The main idea behind the book is that Hitler miraculously comes back to life in modern-day Berlin. It is a melding of old and new, past and present. The book is peppered with dark humour and satire. It is also filled with known (heavily researched and discussed) Nazi ideologies that are palmed off as comedy at its darkest.

There were four things that stood out for me in this book:

- The Führer is nothing without the Volk.

- How far are you willing to go to stand your moral ground?

- Could we recognise a Hitler-like figure in today’s world?

- Dark comedy seems to be a common coping mechanism for Germans when reflecting on WWII.

Through Vermes use of first-person narration, the reader is given the opportunity to develop an uncomfortable bond with Hitler. I feel the choice of having Hitler as the narrator was deliberate for two reasons. As previously mentioned, it fostered an awkward relationship with the reader and secondly, it allows us to see the modern world through Hitler’s 1945 eyes.

When Hitler is questioned about his involvement in the WWII and the Third Reich, he brings up an interesting statement: the Führer is nothing without the Volk.

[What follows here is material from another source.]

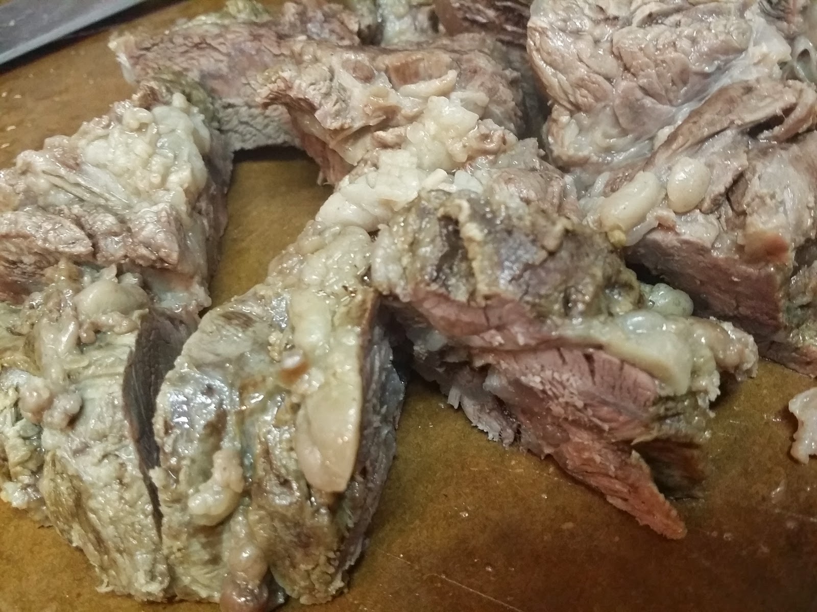 5. 燉好的牛腩拿出來切件 (麻雀大小)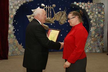 В малом зале ГДК состоялось чествование педагогов и руководителей творческих коллективов, победивших в конкурсах и фестивалях. За активное участие в культурной жизни Байконура они были награждены почетными грамотами Главы администрации города Байконур. Среди награжденных - директора и преподаватели общеобразовательных школ и учреждений дополнительного образования, детских музыкальных школ, руководители танцевальных коллективов.

As we know, Hitler was elected democratically by the German people to serve the German people. He had written a book that outlined all of his intentions, sinister and otherwise, and when he was elected he set himself on a path that allowed him to achieve all that he had hoped for the German Volk. He was a politician who kept his word. Right down to every last Jew.

Most Germans and in fact people who experienced WWII and the Holocaust have passed away. They leave behind shattered memories of war, destruction, murder, and helplessness. On the one hand, many Jewish families have passed down the trauma of the Holocaust through their families. On the other, many Germans have passed down their guilt from WWII to their children and their children’s children. But when should it end? When does a country stop paying for the sins of its forefathers and foremothers? We only need to look at the reactions to Germany’s win against Brazil in the World Cup this year to see that Nazi rhetoric still haunts Germany.

What does Look Who’s Back suggest about Germany’s modern day Vergangenheitsbewältigung (coming to terms with the past)? I feel that this book shows that Germany is still coming to terms with its past, and that I am not sure if it ever will.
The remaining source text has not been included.